Clonazepam enhances the effect of the inhibitory neurotransmitter gamma-aminobutyric acid (GABA) at the GABA-A receptor. By binding to a specific site on the GABA-A receptor complex (distinct from the GABA binding site), clonazepam increases the frequency of chloride channel opening when GABA binds, leading to increased neuronal inhibition. This results in anticonvulsant, anxiolytic, muscle relaxant, and sedative effects. Clonazepam has particularly potent anticonvulsant activity, making it useful for multiple seizure types including absence seizures, myoclonic seizures, and akinetic seizures. Its long half-life (30-40 hours) provides sustained therapeutic effects.

Available Formulations

Clonazepam is available as oral tablets (0.5 mg, 1 mg, 2 mg) and orally disintegrating tablets (0.125 mg, 0.25 mg, 0.5 mg, 1 mg, 2 mg). The orally disintegrating tablets dissolve on the tongue without water. Clonazepam is a Schedule IV controlled substance due to its potential for abuse and dependence. Generic formulations are widely available.

Medical Uses

Clonazepam is FDA-approved for the treatment of Lennox-Gastaut syndrome (petit mal variant), akinetic seizures, myoclonic seizures, absence seizures (when succinimides fail), and panic disorder with or without agoraphobia. Off-label uses include other anxiety disorders, restless legs syndrome, REM sleep behavior disorder, acute mania, tardive dyskinesia, and essential tremor. It is often used as adjunctive therapy in complex seizure disorders.

Dosing Guidelines

For seizure disorders in adults, treatment typically starts at 0.5 mg three times daily, increasing by 0.5-1 mg every 3 days until seizures are controlled or side effects occur. Maintenance doses range from 1-20 mg daily in divided doses. For panic disorder, the starting dose is 0.25 mg twice daily, increasing to a target of 1 mg daily after 3 days. Maximum dose for panic is 4 mg daily. Pediatric dosing is weight-based: 0.01-0.03 mg/kg/day initially, not exceeding 0.05 mg/kg/day in divided doses. Elderly patients should start at lower doses.
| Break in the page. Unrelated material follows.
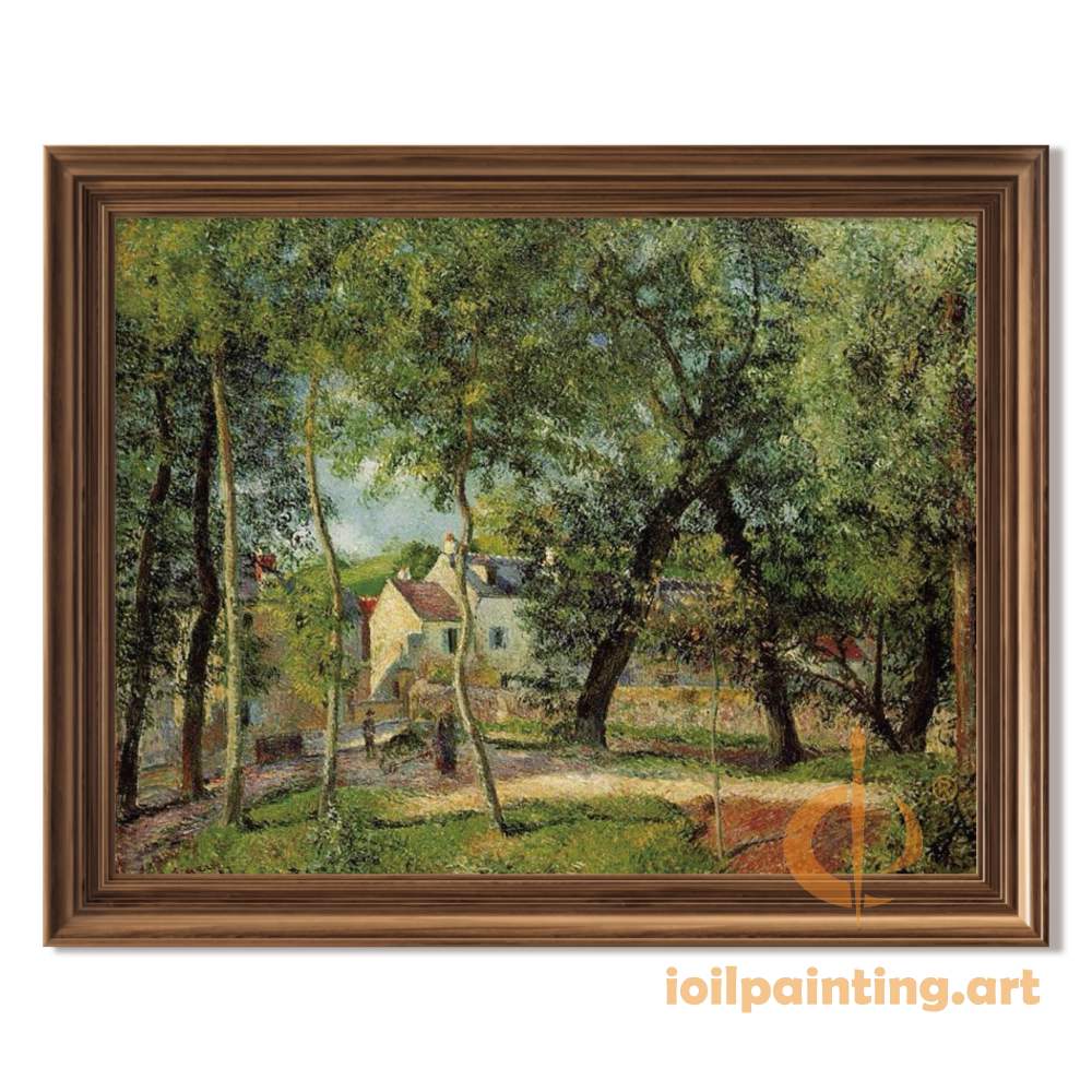 Step into the golden glow of rural France with this exquisite hand-painted reproduction of a Camille Pissarro masterpiece. This breathtaking artwork transports you to a peaceful country lane where dappled sunlight filters through lush green trees, casting delicate patterns on the winding path below. Charming cottages with warm red roofs peek through the verdant foliage, their rustic simplicity perfectly complementing the natural beauty of the landscape - a testament to Pissarro's genius for capturing the quiet poetry of village life.

Important Safety Information

Clonazepam carries a boxed warning regarding concomitant use with opioids, which can result in profound sedation, respiratory depression, coma, and death. The medication has significant potential for dependence and withdrawal; abrupt discontinuation can cause seizures even in patients taking it for non-seizure indications. Withdrawal should be gradual (0.125 mg twice daily reduction every 3 days). Paradoxical reactions (increased anxiety, aggression) may occur. Use is contraindicated in acute narrow-angle glaucoma and significant liver disease.

Drug Interactions

Concurrent use with opioids, alcohol, or other CNS depressants increases sedation and respiratory depression risk. CYP3A4 inhibitors (ketoconazole, fluvoxamine) can increase clonazepam levels. CYP3A4 inducers (phenytoin, carbamazepine, rifampin) can decrease levels. Clonazepam may increase phenytoin levels. Caution is needed with other psychotropic medications. Alcohol should be avoided.

Special Populations

Clonazepam is associated with an increased risk of congenital malformations when used during the first trimester (Category D). Use during late pregnancy may cause neonatal withdrawal or floppy infant syndrome. It is excreted in breast milk; breastfeeding is not recommended. Safety and efficacy have been established in pediatric patients for seizure disorders but not for panic disorder. Elderly patients are more sensitive to benzodiazepines and should use lower doses. Dose reduction is recommended in hepatic impairment; use is contraindicated in severe hepatic disease.